Master branch perf for comparison, so utf8 mode (default one) seem to be unaffected by changes

benchSonic*1000: 452.573ms
benchSonicSync*1000: 6.064s
benchSonic4k*1000: 429.246ms
benchSonicSync4k*1000: 258.853ms
benchCore*1000: 2.722s
benchConsole*1000: 4.725s

benchSonic*1000: 422.106ms
benchSonicSync*1000: 6.054s
benchSonic4k*1000: 426.696ms
benchSonicSync4k*1000: 253.348ms
benchCore*1000: 2.724s
benchConsole*1000: 5.305s

Only downside I see is that I have copied non-buffer related functions and changed logic there, so if any logic changes in the future then there are multiple places where this needs to be addressed

mcollina commented 1 year ago

@mmarchini could you take a look as well?
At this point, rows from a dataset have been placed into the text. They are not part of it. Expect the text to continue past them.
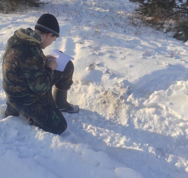 Они уже увидели следы зайца и куропаток. Это прекрасная возможность для юных натуралистов в практических условиях узнать больше о животном мире.
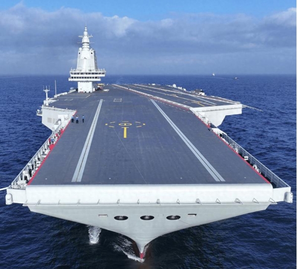 试航中的003型航母"福建舰"高耸的舰岛和超大的甲板面积无不体现着威严
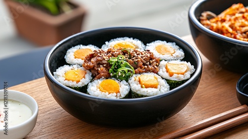 Korean food concept. A vibrant bowl of sushi rolls topped with savory ingredients, served alongside dipping sauce, exemplifying Asian cuisine.
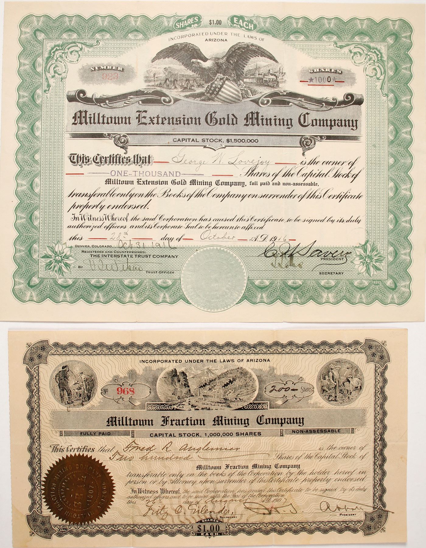 Milltown was the dream of Taylor and Kendrick. They would lay out the townsite in November of 1903. This would make Milltown and incredibly early suburb of Goldfield. Columbia and Jumbo would be two others. Milltown was just southwest of the rich Florence Hill. The Reno Evening Gazette reported in October 4, 1904 that the town of Goldfield and its suburbs of Milltown, Jumbo and Columbia had all the workers it could manage. The article pointed out the anyone else arriving would have trouble finding work and the high prices in Goldfield would soon absorb the small savings of an average laborer. “People without money stay away!” In 1906 Milltown was not only a small, but thriving suburb; it was an important railroad stop for both the Tonopah & Goldfield Railroad, but also the Bullfrog Railroad. It was not only a milling site for Goldfield gold, but in the middle of some rich mines. [collateralhistory.com] 1) MIlltown Extension Gold MIning Company. 1916. Number 923 for 1000 shares to George W Lovejoy. Signed by C Savery and Wickes(?). 2) Milltown Fraction Mining Company. 1907. Number 968 for 200 shares to Fred R Anglemier(?). Signed by Fritz Eilender and Abbott. The Fraction has discoloration and the Extension has pinholes. Otherwise nice examples. (Bennett Collection)
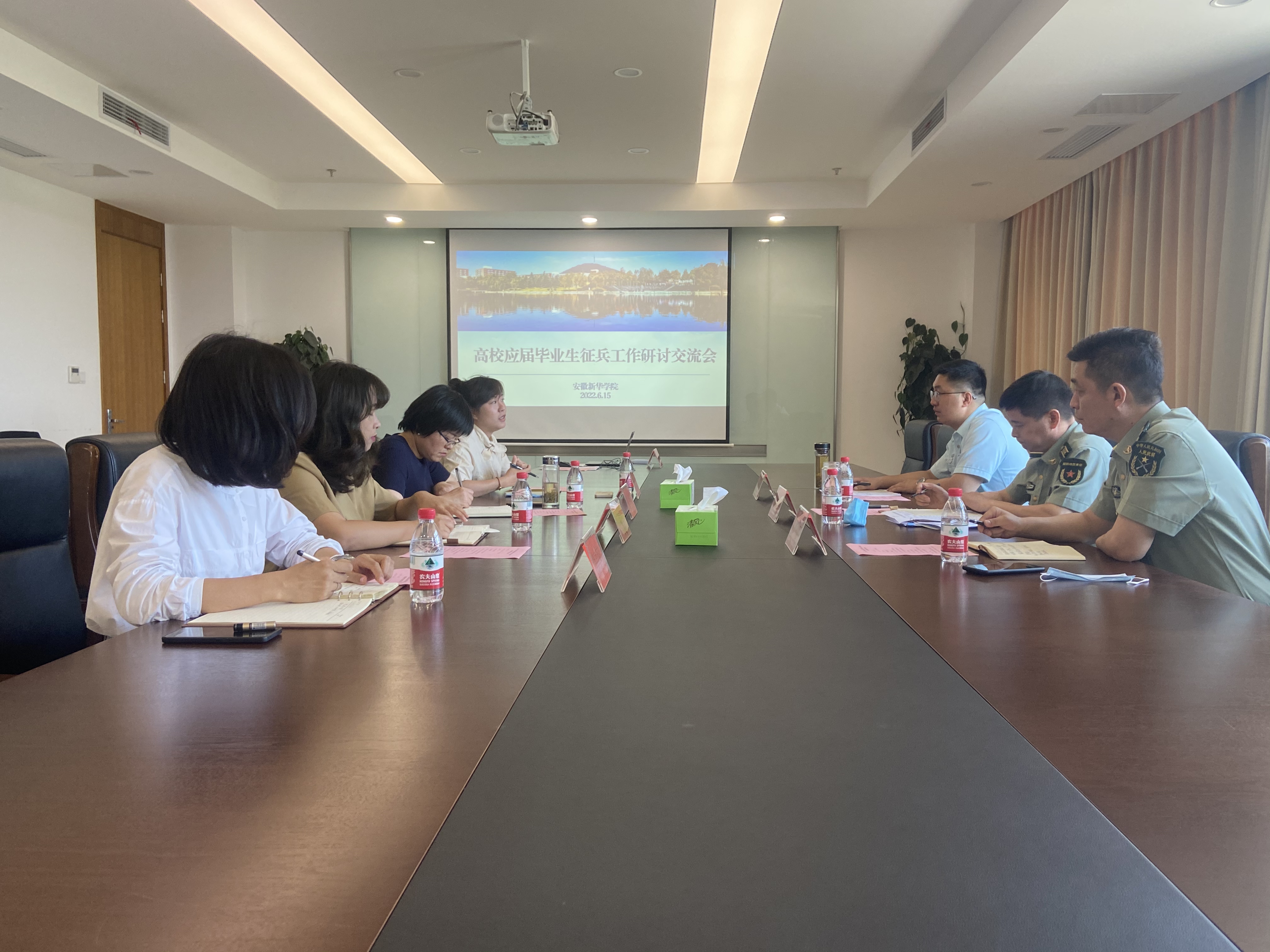 本网讯(通讯员:凌舒畅)6月15日,蜀山区人民武装部一行莅临我校调研征兵工作。校长助理邵玲,征兵工作站站长郑妮,大数据与人工智能学院院长助理魏高莉,征兵工作站相关工作人员参加座谈会。

mmarchini commented 1 year ago

Sorry, was drowned in GitHub Notifications for months. I'll take a look at it this week.

AVVS commented 1 year ago

overall looks fine, I didn't review the tests yet. Main concern as you mentioned is code duplication, so it'll be up to the project to decide if taking the burden of having some logic implemented in two places is worth it for this feature.
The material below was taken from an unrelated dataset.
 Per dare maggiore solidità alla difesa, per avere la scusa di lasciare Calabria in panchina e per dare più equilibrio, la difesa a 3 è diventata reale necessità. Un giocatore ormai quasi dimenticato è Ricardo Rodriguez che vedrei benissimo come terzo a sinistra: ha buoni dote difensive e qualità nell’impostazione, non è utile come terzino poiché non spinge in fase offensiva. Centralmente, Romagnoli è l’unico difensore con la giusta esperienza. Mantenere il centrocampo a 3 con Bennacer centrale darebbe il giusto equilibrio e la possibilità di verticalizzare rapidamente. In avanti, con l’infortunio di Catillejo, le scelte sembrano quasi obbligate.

As for the performance aspects of this, I can see concat being faster than multiple writes, although that'll be highly dependent on system specs. Can you share specs for the machine where you ran your benchmarks?
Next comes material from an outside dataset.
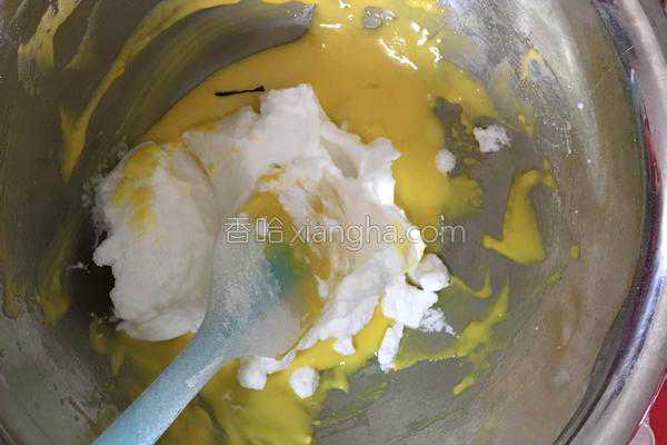 7、再将搅拌好的加进剩下的蛋清中,搅拌均匀
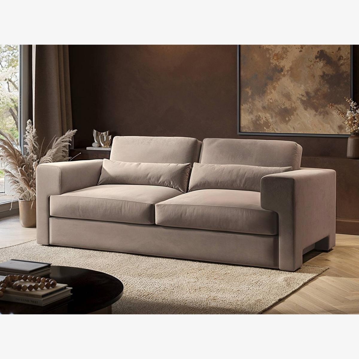 I love this beige velvet three-seater for its versatile and timeless appeal. Its neutral tone makes it a great foundation for both contemporary and classic interiors, and the plush velvet adds a subtle touch of luxury without feeling overly formal. It works particularly well in neutral or pastel schemes, but can also be paired with bold colours for a more eclectic look. For styling tips, consider contrasting with textured cushions or throws to create interest, and place it against a patterned wallpaper or bold artwork to make a statement. Practical accents like a cosy throw or accent cushions can also enhance comfort and style, making this sofa a functional yet stylish centrepiece in any living space.

Chip Apple M1 Max Memory 64 GB

AVVS commented 1 year ago

Updates incoming, in terms of bench

Node 20 performs ~25% better, Node 18 ~ 10%

node 20.3.1

benchSonic*1000: 411.93ms
benchSonicSync*1000: 6.231s
benchSonic4k*1000: 403.094ms
benchSonicSync4k*1000: 231.349ms
benchCore*1000: 1.900s
benchConsole*1000: 6.654s
benchSonicBuf*1000: 479.036ms
benchSonicSyncBuf*1000: 6.643s
benchSonic4kBuf*1000: 479.021ms
benchSonicSync4kBuf*1000: 338.352ms
benchCoreBuf*1000: 647.737ms
benchSonic*1000: 402.104ms
benchSonicSync*1000: 6.381s
benchSonic4k*1000: 411.276ms
benchSonicSync4k*1000: 230.133ms
benchCore*1000: 1.879s
benchConsole*1000: 7.073s
benchSonicBuf*1000: 488.614ms
benchSonicSyncBuf*1000: 6.739s
benchSonic4kBuf*1000: 468.49ms
benchSonicSync4kBuf*1000: 346.683ms
benchCoreBuf*1000: 657.002ms

node 18.16.0

benchSonic*1000: 435.906ms
benchSonicSync*1000: 6.272s
benchSonic4k*1000: 437.36ms
benchSonicSync4k*1000: 252.272ms
benchCore*1000: 2.252s
benchConsole*1000: 4.260s
benchSonicBuf*1000: 799.471ms
benchSonicSyncBuf*1000: 6.771s
benchSonic4kBuf*1000: 796.44ms
benchSonicSync4kBuf*1000: 645.533ms
benchCoreBuf*1000: 893.629ms
benchSonic*1000: 418.545ms
benchSonicSync*1000: 6.380s
benchSonic4k*1000: 417.882ms
benchSonicSync4k*1000: 245.55ms
benchCore*1000: 2.214s
benchConsole*1000: 5.374s
benchSonicBuf*1000: 787.246ms
benchSonicSyncBuf*1000: 6.849s
benchSonic4kBuf*1000: 822ms
benchSonicSync4kBuf*1000: 638.927ms
benchCoreBuf*1000: 888.464ms
AVVS commented 1 year ago

@mmarchini please take a look if the changes are sufficient based on your comments

mcollina commented 1 year ago

wow, quite a speedup also on writing things compared to core.

AVVS commented 1 year ago

Would be interesting to bench this with io_uring support as fs operations should be much faster on linux

Some weirdness is going on with win/node-14 combo during dep install

mcollina commented 1 year ago

Some weirdness is going on with win/node-14 combo during dep install

GHA is broken on that platform, just exclude it in the workflow file.

mmarchini commented 1 year ago

I'll try to take a look over the weekend :)

Would be interesting to bench this with io_uring support as fs operations should be much faster on linux

I have a Linux machine I can try it on. Will report back with the results

AVVS commented 1 year ago

anything I should do with this to move it forward? :)

mcollina commented 1 year ago

@mmarchini could you take a quick look? I would prefer if this did not break you. Otherwise I'm ok to ship it in the coming weeks.